To work with a smaller trace file, I trimmed the trace file
to a small interval (not starting from the beginning) using
babeltrace2. This was necessary due to the sluggish
performance of Trace Compass when loaded with a large trace
file.
babeltrace2
--begin=23:29:41 --end=23:29:42 <input>
--output-format=ctf --output=<trimmed-output>
In the trimmed trace, it doesn't
contain lttng_ust_statedump:* events which I believe are
needed by trace compass for the resolving the function names
from the address.
As a workaround, I tried to create two trimmed traces
files: one that includes the lttng_ust_statedump:* events and
a second one that contains a function entry/exit events from a
small interval.
I then attempted to merge them into one trace:
babeltrace2
--input-format=ctf trace_statedump trace_small_interval
--output-format=ctf --output=trace_merged
In
the trace_merged directory, there are two separate
directories, so it seems that a real merge did not occur.
Additionally,
after loading the merged trace into Trace Compass, it is still
treated as two separate trace streams. The second stream,
which does not contain the statedump events, cannot display
the function names correctly.

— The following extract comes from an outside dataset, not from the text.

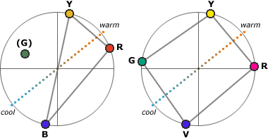 identifying complementary hues (top) using the traditional primary triad (left) requires insertion of secondary hues (right); (bottom) using the modern opponent dimensions We start with the primary triad (C, Y and M), centered on the achromatic mixture (K) of all three primaries in equal proportions at equal tinting strength. We have created the most saturated possible yellow orange mixture from some quantity of yellow and magenta paint (y,m). What then is its visual or mixing complementary color (C(y,m))? Since any two complementary colors must mix to gray, the answer is simply to subtract the primary quantities in y,m from the c,y,m quantities in the achromatic mixture. To do that, we only have to make the larger of the two quantities in the y,m mixture equal to its quantity in the gray mixture. Thus, if we know that: K = 20(C) + 33(Y) + 27(M) then we standardize the larger quantity (60 parts of yellow) on the matching achromatic quantity (33 parts of yellow): 33/60 = 0.55 we adjust the y,m proportions by that amount: 0.55*[60(Y) + 40(M)] = 33(Y) + 22(M) and finally subtract those quantities from the achromatic quantities to get the complementary mixture C(y,m): C(y,m) = (20-0)(C) + (33-33)(Y) + (27-22)(M) Now, although Ogden Rood showed artists how to make similar calculations within a visual color triangle using mixture quantities from a color top, I believe very few artists ever found their complementary paint mixtures by this kind of calculation! That is because Moses Harris mooted the problem when he inserted the secondary or "compound" colors, the complements to the primary colors, in his color wheel. Now we are no longer working within a triangle but a circle, and the complement of the mixture y,o is the mixture v,c in the same relative proportions. And Harris explained that this is how his color wheel should be used "if a contrast is wanting to any color or teint". The complementary colors get us out of the calculations: we judge colors visually instead. Modern color theory goes one step further. It replaces the traditional primary/secondary framework with two opponent color dimensions, defined as visual hue relationships: violet red/blue green (a+/a) and yellow/blue violet (b+/b). These, along with a lightness/brightness (J/Q) or white/black (W/K) dimension, are the modern primaries, descended by a long and indirect path from ideas first proposed by Evald Hering. They are more commonly known as the artist's primaries, and were the primary colors identified in the days before traditional color theory by painters such as Leonardo da Vinci. In this color definition, the relative quantities of two visual primaries in a color (qy and qr for the y,r or yellow orange mixture) define, to a good approximation, the proportions of yellow and violet red paints of equal tinting strength that will create that hue as a material mixture. And these proportions are simply applied to the opposing primaries (in the example, blue green and blue violet) to mix the complementary hue. However, with a modern artist's color wheel (the CIECAM aCbC plane) even that indirection is not necessary. The hue plane is populated with hue and chroma markers for all important modern pigments used in art materials. click on image for a larger view click here for a full page, printer friendly (Adobe Acrobat PDF) version To print the color wheel, set page orientation Simply by drawing a line from any chosen yellow orange pigment (color) through the "black" center of the color wheel and extending it to the opposite side, the artist locates the closest pigments to the visual complement of the chosen color, and can mix a perfect hue match from any two pigments on opposite sides of the line. Thus, the perfect visual complement of isoindolinone yellow (PY110) is ... cobalt blue (PB28), phthalo blue RS (PB15:1) or prussian [iron] blue (PB27). 31. The a+/a and b+/b opponent dimensions of modern perceptual color spaces are the most effective framework for analyzing complementary color relationships. Consider, as an illustration, how the artist might analyze warm/cool relationships in the color design or color harmony in a painting. The traditional primary triad palette includes a red (R) such as cadmium red (PR108) or alizarin crimson (PR83) that contains more yellow than a violet red, and a blue (B) such as cobalt blue (PB28) or ultramarine blue (PB29) that contains more violet than a green blue. As a result, the primary palette is skewed to one side of the warm/cool dimension between red orange and green blue; yellow (Y) is the only color anchor above the line (diagram, below).

It appears that the metadata
from the first stream is not being used to process the second
stream.
Is
there a flaw in my approach (e.g., merging using
babeltrace) or could you suggest some pointers to fix this
issue?
Thanks,
K.
On Sunday, January 12th, 2025 at
12:15 AM, obelix42 via tracecompass-dev
<tracecompass-dev@xxxxxxxxxxx> wrote:
Dear experts,
I am trying to profile a multi-threaded application
(built with -finstrument-functions -g) running on a Linux
based embedded system using LTTng for function tracing and
Trace compass for analyzing. But Trace Compass is
extremely slow in processing the traces that renders it
almost unusable. Here are the steps I followed:
- collected
function entry and exit traces from the remote
Linux system using LTTng. resulting in a trace
file of ~700MB
- and
imported the trace in Trace Compass. There are ~10
Million events in the trace file.
I clicked on Lttng-UST CallStack -> Flame
Chart.
The Flame chart is generated but in the Progress
tab, it is stuck at 50% for ever. Navigating the
Flame chart view is painful: many times, Trace compass
become non responsive and then have to wait for several
minutes to be able to use it again.
Also, Flame Graph and Function Duration
Statistics are not generated.
I have got similar experience with Lttng-UST CallStack
(new) as well.
Questions on performance:
1. Isn't trace compass designed to handle large
trace files e.g., 10 Million events from multithreaded
(~100 threads) programs? When I tried to use a trimmed
trace file (with ~100K events), it is working just fine.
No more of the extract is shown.